Under strict advection conditions, a higher flow will enhance the viscous force, thus enhancing the immiscible displacement of the scCO2 at the pore scale. For scCO2 injection and the same pore volume, the overall effect of a high injection flow rate is a decrease in the residual brine saturation (Dayo et al. 2021). Javed et al. (2016) concluded that as the injection flow rate increased, brine production increased, and the residual water saturation in the rock samples decreased with increasing injection flow rate (Fig. 10). Because the injection flow rate improves advection, the capillary forces in the medium can be more easily overcome. A decrease in the residual saturation will greatly reduce the amount of water molecules in the pore throats of the rock sample exposed to the CO2 stream, and the probability of evaporation into water vapor will decrease.

Fig. 10
figure 10

Permeability changes measured on core samples before and after the coreflood experiment (Edited from Muhammad et al. 2020)

When the injection flow rate increases, the evaporation rate increases (Javed and Behzad, 2016; Dayo et al. 2021). The evaporation front advances at a faster rate, leaving a uniform salt deposit in the dry zone. However, a lower injection flow rate results in a higher capillary backflow to the evaporation surface, which suppresses the effect of the pressure gradient. The enhanced capillary flow in turn increases the likelihood of dense salt accumulation near the inlet (Parvin et al. 2020). The combination of a higher scCO2 injection flow rate (i.e., a higher evaporation rate) and a lower brine saturation, which can be obtained after critical scCO2 saturation is reached, results in a shorter salt precipitation stage.

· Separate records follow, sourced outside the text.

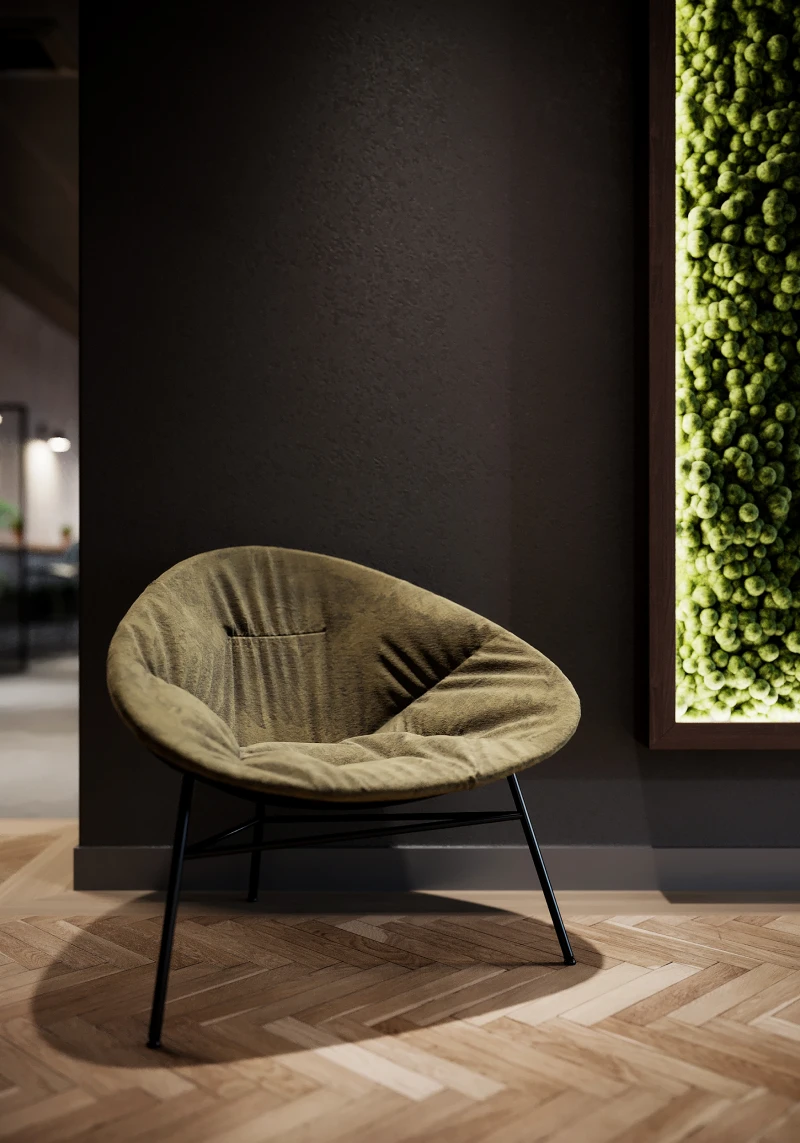 Fotel Chelsea wyróżnia się głębokim, miękko tapicerowanym siedziskiem, które zapewnia maksymalny relaks i wygodę. Jego charakterystyczna, obła forma osadzona jest na smukłej, trójnożnej metalowej podstawie, nadającej mu lekkości i nowoczesnego stylu. Dostępny w bogatej palecie luksusowych tkanin i ciepłych kolorów, idealnie komponuje się zarówno z wnętrzami mieszkalnymi, jak i biurowymi.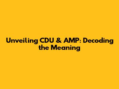 Unveiling CDU & AMP: Decoding The Meaning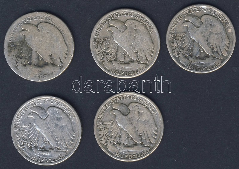Leírás: USA 1917-45. 1/2$ Ag (5x) "Walking" mind klf évszámmal! T:3,4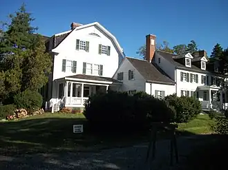 Sagtikos Manor is a historic home located in West Bay Shore, Suffolk County, New York.[2] It is a long, eclectic structure which has been extensively enlarged by additions and alterations during its long and active life as a residence. The original section was built around 1697 and is a 1+1⁄2-story, timber-framed structure with a gable roof. Additions occurred through the early 20th century. Also on the property is a carriage house, caretaker's cottage, buttery, potting shed, formal gardens, and Thompson-Gardiner family cemetery.[3]

In addition, when the injection flow rate is faster, the CO2 and brine are in a nonequilibrium state, resulting in much less water evaporation. Thus, the steam production resulting from salting-out decreases with increasing injection flow rate. Therefore, an increase in the injection flow rate can lead to permeability damage and a decrease in salt precipitation. Celia et al. (2016) reported that high evaporation rates limit the transport of solids to the outer surface, resulting in a more uniform distribution of precipitation. A low drying rate leads to strong solid accumulation on the outer surface of the porous medium. However, the small throat reduces solute transport and limits the accumulation of solids on the surface. Dayo et al. (2021) concluded that a higher injection flow rate increased the rate of salt precipitation but reduced the amount of salt precipitation. For the same injection flow rate, more salting-out occurs in reservoirs with greater reservoir heterogeneity. According to Norouzi et al. (2021), with increasing injection rate, the amount of precipitated salt and the damage to the permeability decrease significantly. He et al. (2023) reported that in upper and lower heterogeneous structures, salt precipitation had little effect on the injection capacity regardless of the CO2 injection flow rate. When the CO2 injection flow rate is low, the salt tends to settle in situ in the small pore structure and form a crystal structure. When the CO2 injection flow rate is high, salt tends to precipitate in large pores and form a clustered structure. However, the size of the precipitated salt clusters is independent of the injection rate, and approximately 85% of the salt clusters fall within the pore throat range of 5 × 10− 6–1 × 10− 3 mm3, which means that they mostly form in connected medium pores (He et al. 2019).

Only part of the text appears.